Problem requirements
Restate, exactly as written, the entries below from the line that holds "记者走进大棚一看,大棚内一片" through the line that holds "Jeansy o luźnym". Pictures are not part of the copy.

*** Input records Section Begins ***

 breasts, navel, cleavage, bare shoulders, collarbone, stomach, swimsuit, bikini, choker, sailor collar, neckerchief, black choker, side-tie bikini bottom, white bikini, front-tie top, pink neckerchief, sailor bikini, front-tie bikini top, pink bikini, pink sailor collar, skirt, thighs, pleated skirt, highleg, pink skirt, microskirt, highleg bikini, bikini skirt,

*** Input records Section Ends ***
*** Input records Section Begins ***

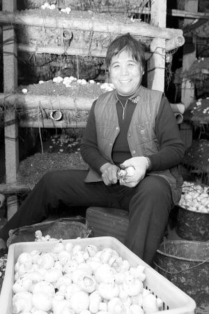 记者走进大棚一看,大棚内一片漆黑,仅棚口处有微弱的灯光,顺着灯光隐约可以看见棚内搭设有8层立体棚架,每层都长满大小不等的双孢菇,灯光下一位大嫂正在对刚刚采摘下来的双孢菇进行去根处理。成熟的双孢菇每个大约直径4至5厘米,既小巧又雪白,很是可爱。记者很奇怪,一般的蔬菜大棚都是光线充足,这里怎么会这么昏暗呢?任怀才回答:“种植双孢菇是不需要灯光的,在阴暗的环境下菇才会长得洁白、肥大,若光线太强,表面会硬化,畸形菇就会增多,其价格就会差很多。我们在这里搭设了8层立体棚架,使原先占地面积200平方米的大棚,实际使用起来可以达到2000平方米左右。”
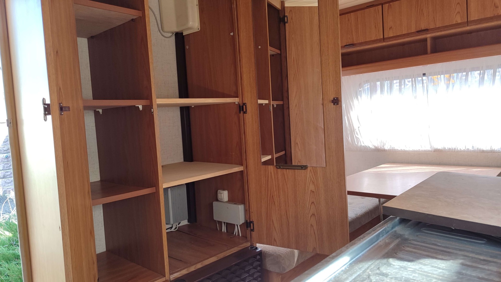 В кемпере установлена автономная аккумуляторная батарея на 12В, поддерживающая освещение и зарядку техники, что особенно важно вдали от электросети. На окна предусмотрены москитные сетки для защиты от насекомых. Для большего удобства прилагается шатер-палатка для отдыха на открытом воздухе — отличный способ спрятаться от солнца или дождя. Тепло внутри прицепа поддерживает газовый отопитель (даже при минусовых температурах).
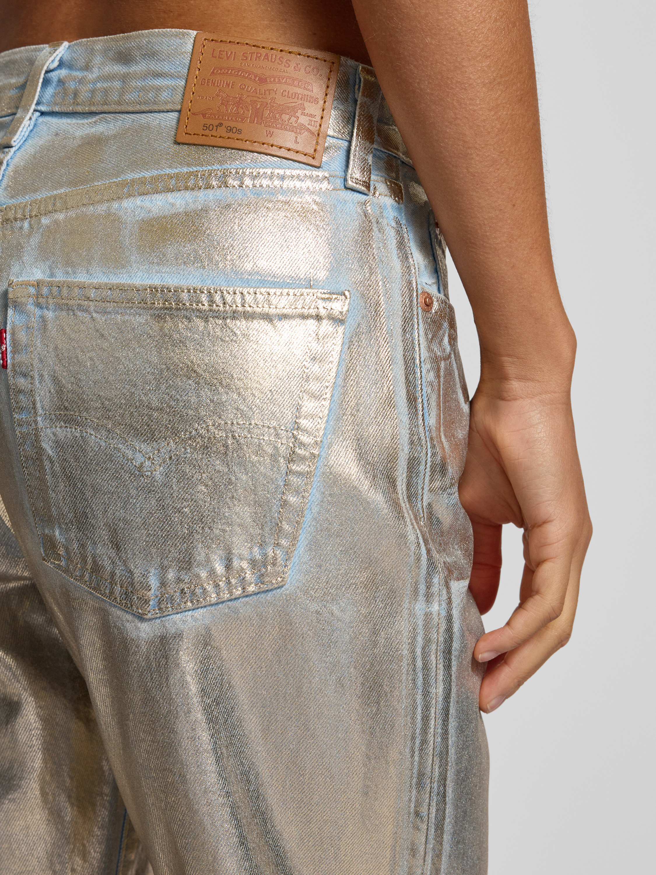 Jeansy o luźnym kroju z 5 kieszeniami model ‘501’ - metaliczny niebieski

*** Input records Section Ends ***

Exercise result
 记者走进大棚一看,大棚内一片漆黑,仅棚口处有微弱的灯光,顺着灯光隐约可以看见棚内搭设有8层立体棚架,每层都长满大小不等的双孢菇,灯光下一位大嫂正在对刚刚采摘下来的双孢菇进行去根处理。成熟的双孢菇每个大约直径4至5厘米,既小巧又雪白,很是可爱。记者很奇怪,一般的蔬菜大棚都是光线充足,这里怎么会这么昏暗呢?任怀才回答:“种植双孢菇是不需要灯光的,在阴暗的环境下菇才会长得洁白、肥大,若光线太强,表面会硬化,畸形菇就会增多,其价格就会差很多。我们在这里搭设了8层立体棚架,使原先占地面积200平方米的大棚,实际使用起来可以达到2000平方米左右。”
 В кемпере установлена автономная аккумуляторная батарея на 12В, поддерживающая освещение и зарядку техники, что особенно важно вдали от электросети. На окна предусмотрены москитные сетки для защиты от насекомых. Для большего удобства прилагается шатер-палатка для отдыха на открытом воздухе — отличный способ спрятаться от солнца или дождя. Тепло внутри прицепа поддерживает газовый отопитель (даже при минусовых температурах).
 Jeansy o luźnym kroju z 5 kieszeniami model ‘501’ - metaliczny niebieski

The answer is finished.